__TASK MATERIAL__

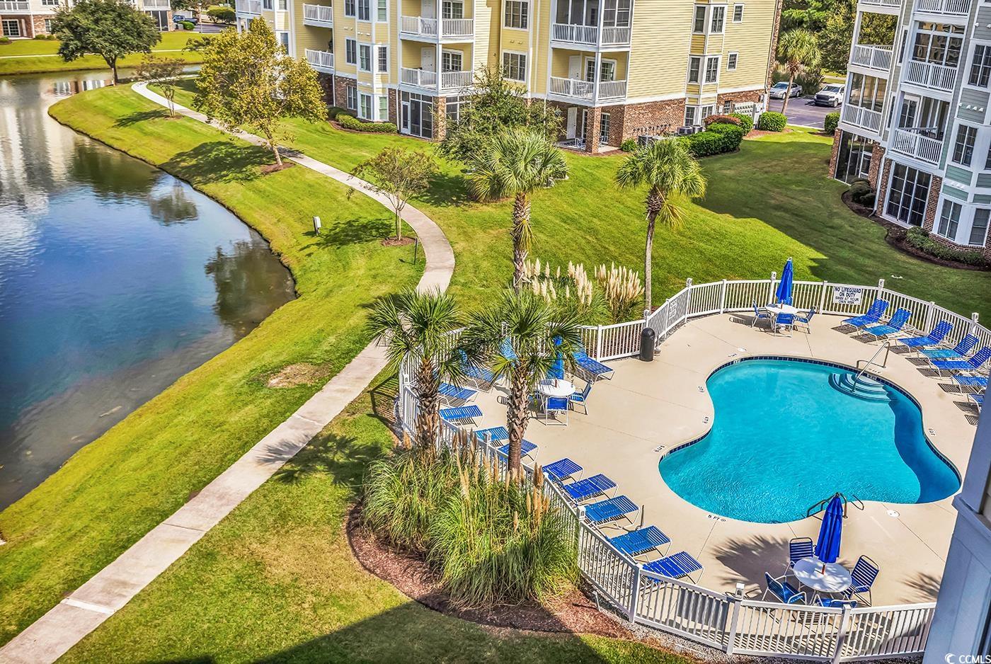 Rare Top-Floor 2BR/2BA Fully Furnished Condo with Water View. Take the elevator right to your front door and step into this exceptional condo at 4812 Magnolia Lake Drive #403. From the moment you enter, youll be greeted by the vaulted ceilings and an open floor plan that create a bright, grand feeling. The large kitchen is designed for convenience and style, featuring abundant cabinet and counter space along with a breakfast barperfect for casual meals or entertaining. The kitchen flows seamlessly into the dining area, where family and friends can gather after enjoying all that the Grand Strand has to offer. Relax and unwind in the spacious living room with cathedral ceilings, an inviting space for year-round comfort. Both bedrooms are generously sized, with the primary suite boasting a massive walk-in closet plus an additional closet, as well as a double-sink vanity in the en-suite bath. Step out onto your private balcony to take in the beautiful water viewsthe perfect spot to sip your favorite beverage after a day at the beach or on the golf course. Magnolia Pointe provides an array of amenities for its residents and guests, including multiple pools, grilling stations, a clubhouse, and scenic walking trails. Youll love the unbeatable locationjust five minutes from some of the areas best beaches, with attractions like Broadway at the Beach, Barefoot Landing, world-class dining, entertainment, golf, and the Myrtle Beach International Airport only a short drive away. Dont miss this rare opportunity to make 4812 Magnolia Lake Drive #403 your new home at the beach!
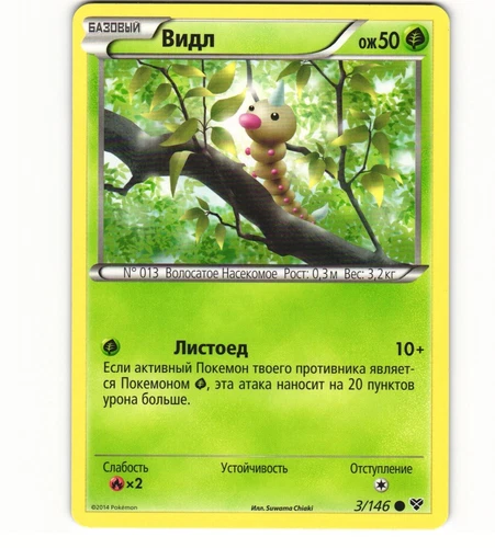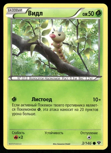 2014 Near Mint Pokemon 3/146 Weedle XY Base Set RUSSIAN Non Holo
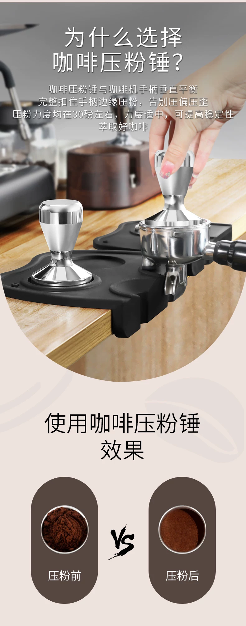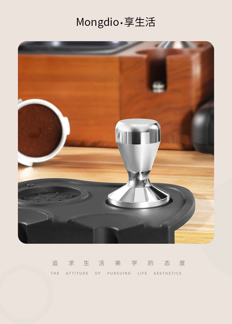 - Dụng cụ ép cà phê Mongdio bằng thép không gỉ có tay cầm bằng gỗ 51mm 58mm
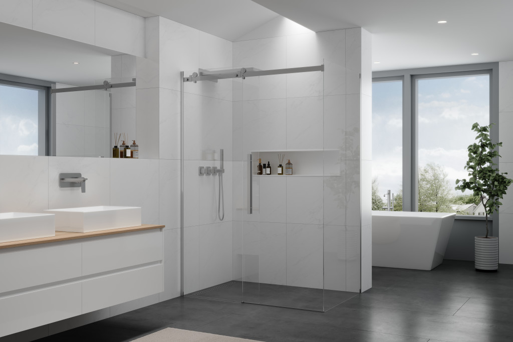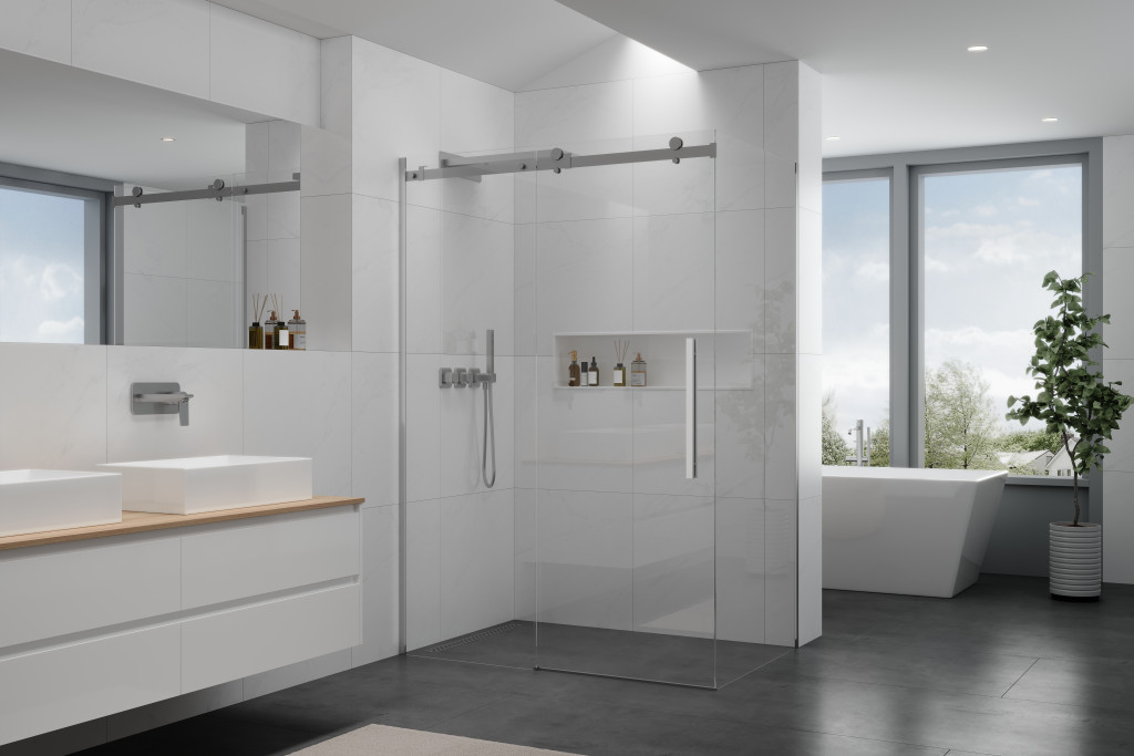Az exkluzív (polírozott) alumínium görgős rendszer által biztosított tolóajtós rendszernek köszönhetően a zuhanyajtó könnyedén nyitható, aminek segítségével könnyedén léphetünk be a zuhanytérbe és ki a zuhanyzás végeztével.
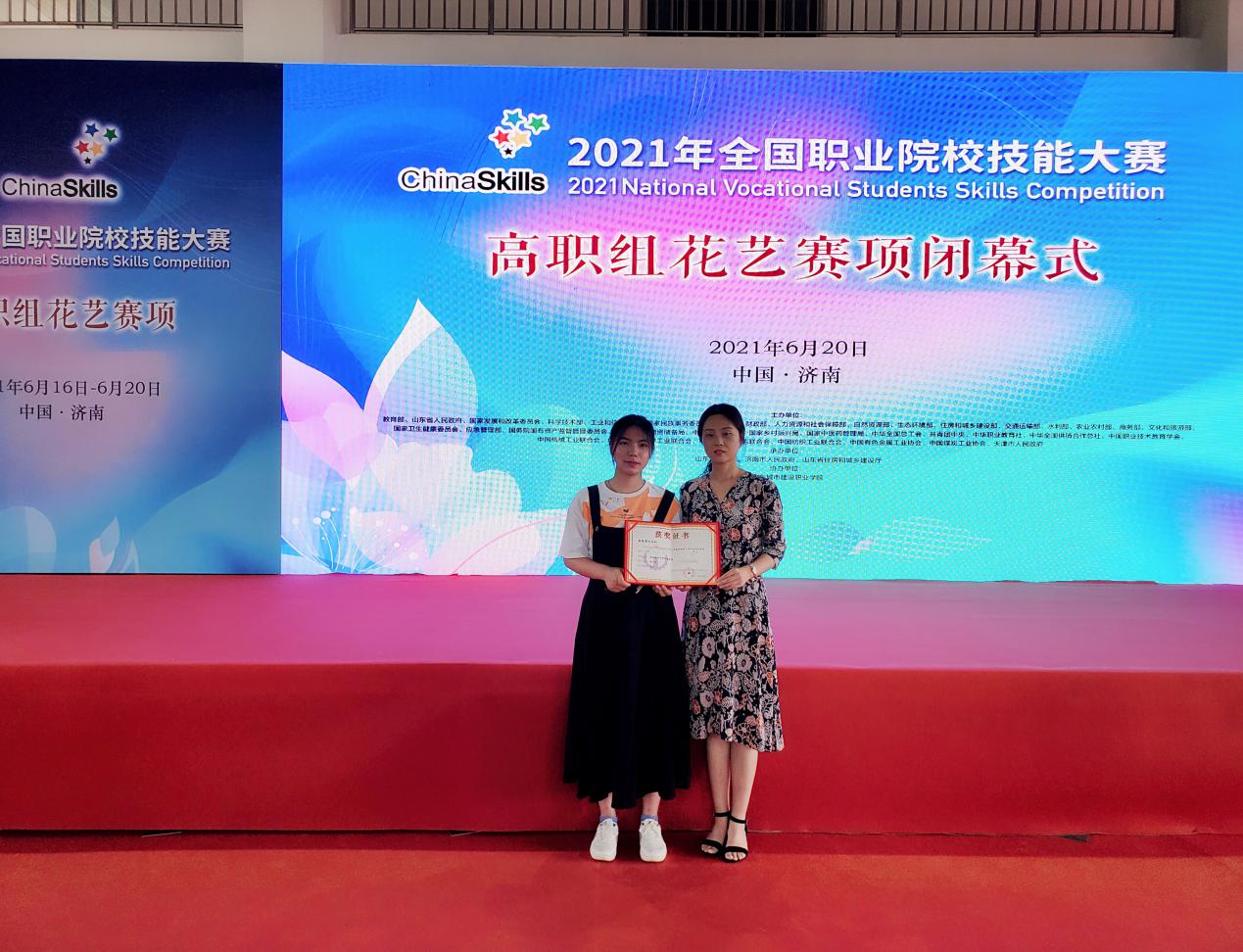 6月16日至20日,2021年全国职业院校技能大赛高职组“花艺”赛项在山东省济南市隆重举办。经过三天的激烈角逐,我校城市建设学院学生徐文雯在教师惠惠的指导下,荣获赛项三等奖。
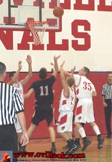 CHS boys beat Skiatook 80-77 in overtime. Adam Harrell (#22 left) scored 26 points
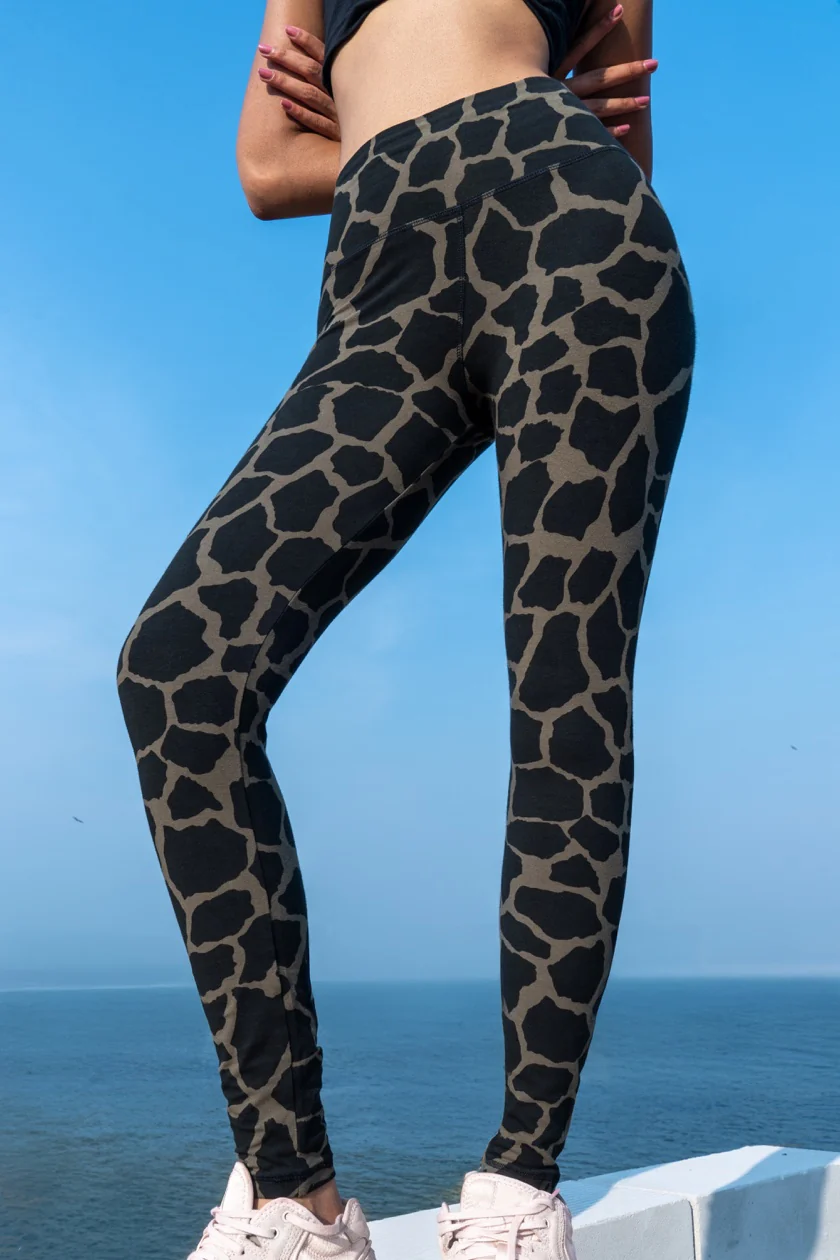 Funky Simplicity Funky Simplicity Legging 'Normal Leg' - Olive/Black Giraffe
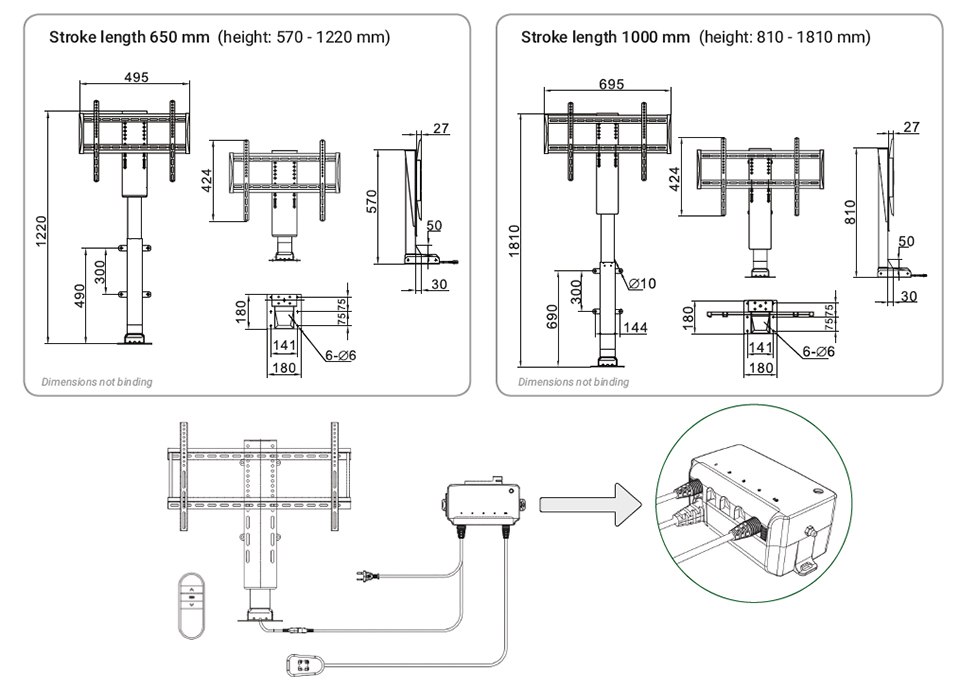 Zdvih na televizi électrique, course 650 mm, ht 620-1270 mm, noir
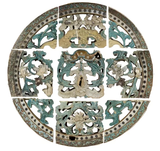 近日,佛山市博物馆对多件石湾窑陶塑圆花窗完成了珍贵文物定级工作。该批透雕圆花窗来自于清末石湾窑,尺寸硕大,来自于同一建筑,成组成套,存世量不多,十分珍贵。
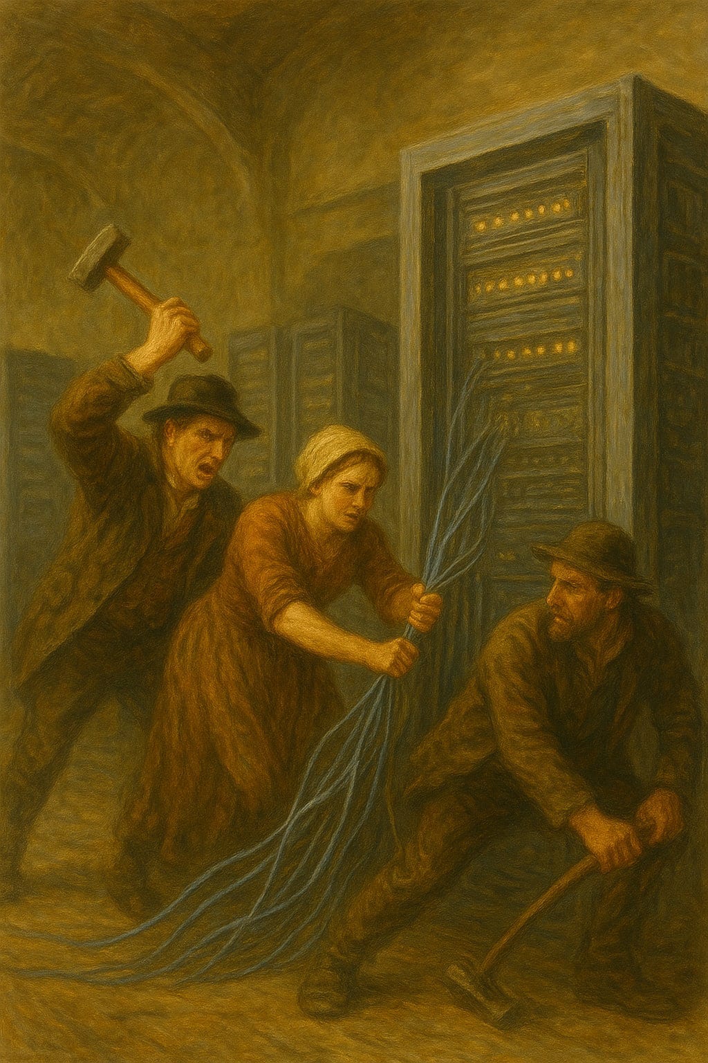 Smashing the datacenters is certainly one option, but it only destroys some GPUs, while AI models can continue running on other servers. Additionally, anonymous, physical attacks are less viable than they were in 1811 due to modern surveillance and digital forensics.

__YOUR OBJECTIVE__
Could you reproduce exactly the lines from the one containing "Zdvih na televizi" through the last line of the records, both included, leaving out the pictures?

__ANSWER__
 Zdvih na televizi électrique, course 650 mm, ht 620-1270 mm, noir
 近日,佛山市博物馆对多件石湾窑陶塑圆花窗完成了珍贵文物定级工作。该批透雕圆花窗来自于清末石湾窑,尺寸硕大,来自于同一建筑,成组成套,存世量不多,十分珍贵。
 Smashing the datacenters is certainly one option, but it only destroys some GPUs, while AI models can continue running on other servers. Additionally, anonymous, physical attacks are less viable than they were in 1811 due to modern surveillance and digital forensics.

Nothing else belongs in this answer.